• _YOUR ASSIGNMENT_
Transcribe every entry below word for word, but skip the pictures.

• _GIVEN INFORMATION_

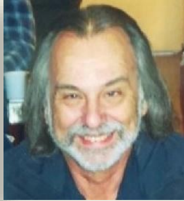
Working from home
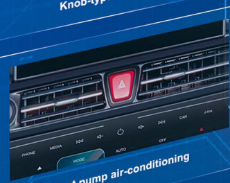
Heat pump air-conditioning
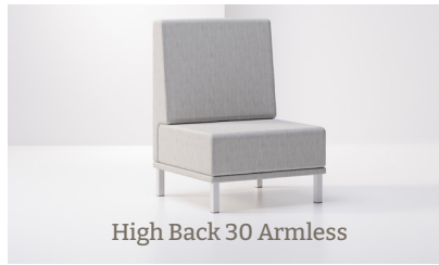
High Back 30 Armless
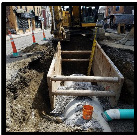
Dudley Street Installation of 48" Drain Pipe

Construction Contacts: For additional information contact.
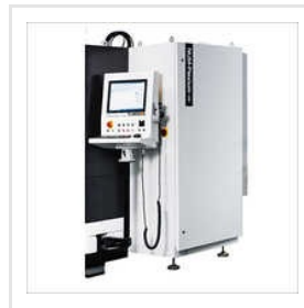
Reliably Stable Control System
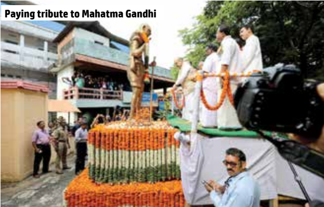
Paying tribute to Mahatma Gandhi

• _PROBLEM SOLUTION_
Working from home
Heat pump air-conditioning
High Back 30 Armless
Dudley Street Installation of 48" Drain Pipe

Construction Contacts: For additional information contact.
Reliably Stable Control System
Paying tribute to Mahatma Gandhi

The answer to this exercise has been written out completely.